While Brexit dominates politics and the news here in the UK it’s less of an issue amongst the remaining EU27.  Yes, they talk about it but nowhere near as much as we do.  The most common question I get asked is, ‘When will the British government decide what it wants from the Brexit negotiations?’, which says it all really!

As was entirely predictable the EU27 are acting, as their name suggests, as a union. They have been consistent, clear and unified in their position.  There may be 27 of them but they act in a united manner, unlike the UK1, who speak with many contradictory tongues; May, Johnson, Davis, Fox, Hammond.  It’s this lack of a unified, consistent and clear position from the UK that is irritating many in the EU27.

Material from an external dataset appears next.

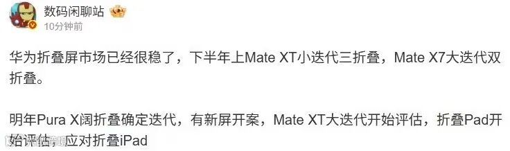 话说回来,爆料还显示,除了Mate X7之外,今年下半年还有一款值得期待的新机型——Mate XTs。

At the same time as speaking in many tongues, the UK government has perfected the diplomatic art of ‘kicking the can down the road’.  Issues, such as the border between Northern Ireland and the Republic of Ireland, that we would have thought would have been sorted out by this stage of the negotiations have been deftly kicked into stage two, the transition period of March 2019 to December 2021. Technically, we will have left the EU yet major issues will remain unresolved.  This means the ‘meaningful vote’ that the House of Commons was promised before we left is becoming problematic, i.e. how can it be meaningful if we don’t know what leave actually looks like?

Meanwhile on the doorstep in the North East not a great deal has changed in my experience.  Back at the time of the EU referendum those who supported Remain had some idea as to why they thought the UK would be better off remaining in the EU.  It was a decision they took in their heads.  On the other hand, and I realise this is a generalisation, Leavers were going with a gut feeling.

Since the referendum the Remainers have become increasingly informed about the many downsides of leaving as they continue to follow the debate closely.  On the other hand, the Leavers seem less engaged and when people point out the growing list of problems with leaving they tend to say that the politicians need to sort it out, the decision has been made.

That many Remainers have become more vocal means that that the ‘noise level’ is high, but the underlying voting intentions haven’t really shifted. It’s a deceptive state of affairs.

What might change things?  Job losses clearly linked to Brexit will be the wake up call, but the reality is this probably won’t happen until after we’ve left.  If a hard Brexit delivered a one in six level of unemployment in the North East, as the government’s own research has predicted, then you’d find a big change in public opinion but by then it will be too late.

Wherever I go both in the UK and abroad I get asked the question, ‘Why did the North East deliver such a big vote for Leave in the referendum?’ My standard answer is as follows.  We have had years of negative stories in the media about the EU especially from the right wing newspapers.  This drip drop has had a slow but corrosive impact.  Good news stories from Brussels have been claimed by Westminster as their own, bad news stories have been blamed on Brussels regardless.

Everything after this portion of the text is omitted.